REVIEW ARTICLE


Design of a Non-Contact Condition Monitoring System for the Fault Diagnosis of Shaft in Marine Propulsion System



Kun Yang*, 1, Xincong Zhou1, Songsong Liao2, Liyao Li1, Li Qin1
1 Reliability Engineering Institute, School of Energy and Power Engineering, Wuhan University of Technology, Wuhan, 430063, China
2 Shenzhen Yateks Optical Electronic Technology Co. Ltd, Shenzhen, 518057, China


© 2012 Yang

open-access license: This is an open access article distributed under the terms of the Creative Commons Attribution 4.0 International Public License (CC-BY 4.0), a copy of which is available at: (https://creativecommons.org/licenses/by/4.0/legalcode). This license permits unrestricted use, distribution, and reproduction in any medium, provided the original author and source are credited.

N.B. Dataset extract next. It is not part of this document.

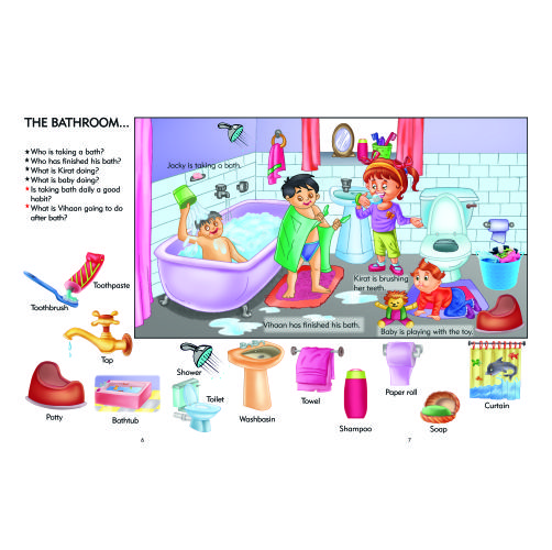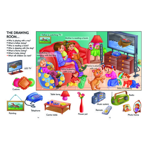 The book introduces 1000 everyday words related to familiar themes such as home, school, animals, food, vehicles, clothes, colors, shapes, and more. Each page encourages children to observe, name, and discuss what they see, making learning both interactive and fun.

* Address correspondence to this author at the Reliability Engineering Institute, School of Energy and Power Engineering, Wuhan University of Technology, Wuhan, 430063, China; Tel/Fax: +86-027-86549879; E-mails: kyang@whut.edu.cn, kunyangwhut@163.com


Abstract

The working condition of shaft determines whether the ship can continuously acquire propulsive force from diesel engine. It is hard to operate the contact measurement of shaft power and torque neither is it accurate, so the noncontact measurement that is easier and more flexible to use should be the direction to go. A novel contact-less shaft condition monitoring system based on photo-electronic technology is proposed in this paper. Two coding wheels and optoelectronic position sensors are settled to detect the torsion angle of a length of shaft, and the torsion angle of shaft can be quantified by logic circuits in field programmable gate array (FPGA) according to counter frequency and central angle of vane. And then the power and torque on shaft can be worked out in computer. To avoid the drift of optoelectronic device, a logic algorithm was studied to eliminate the bias of trigger point for position detector. The experimental result shows that this method is adequate for measuring the torsion angle of shaft, and gets rid of the redundant optical fiber which might induce danger in online monitoring of rotating shaft system. The design of this monitoring system gives an idea for monitoring and diagnosis of not only the shaft of marine propulsion system but also large rotating machines.

Keywords: Condition monitoring, non-contact, fault diagnosis, marine propulsion system, shaft.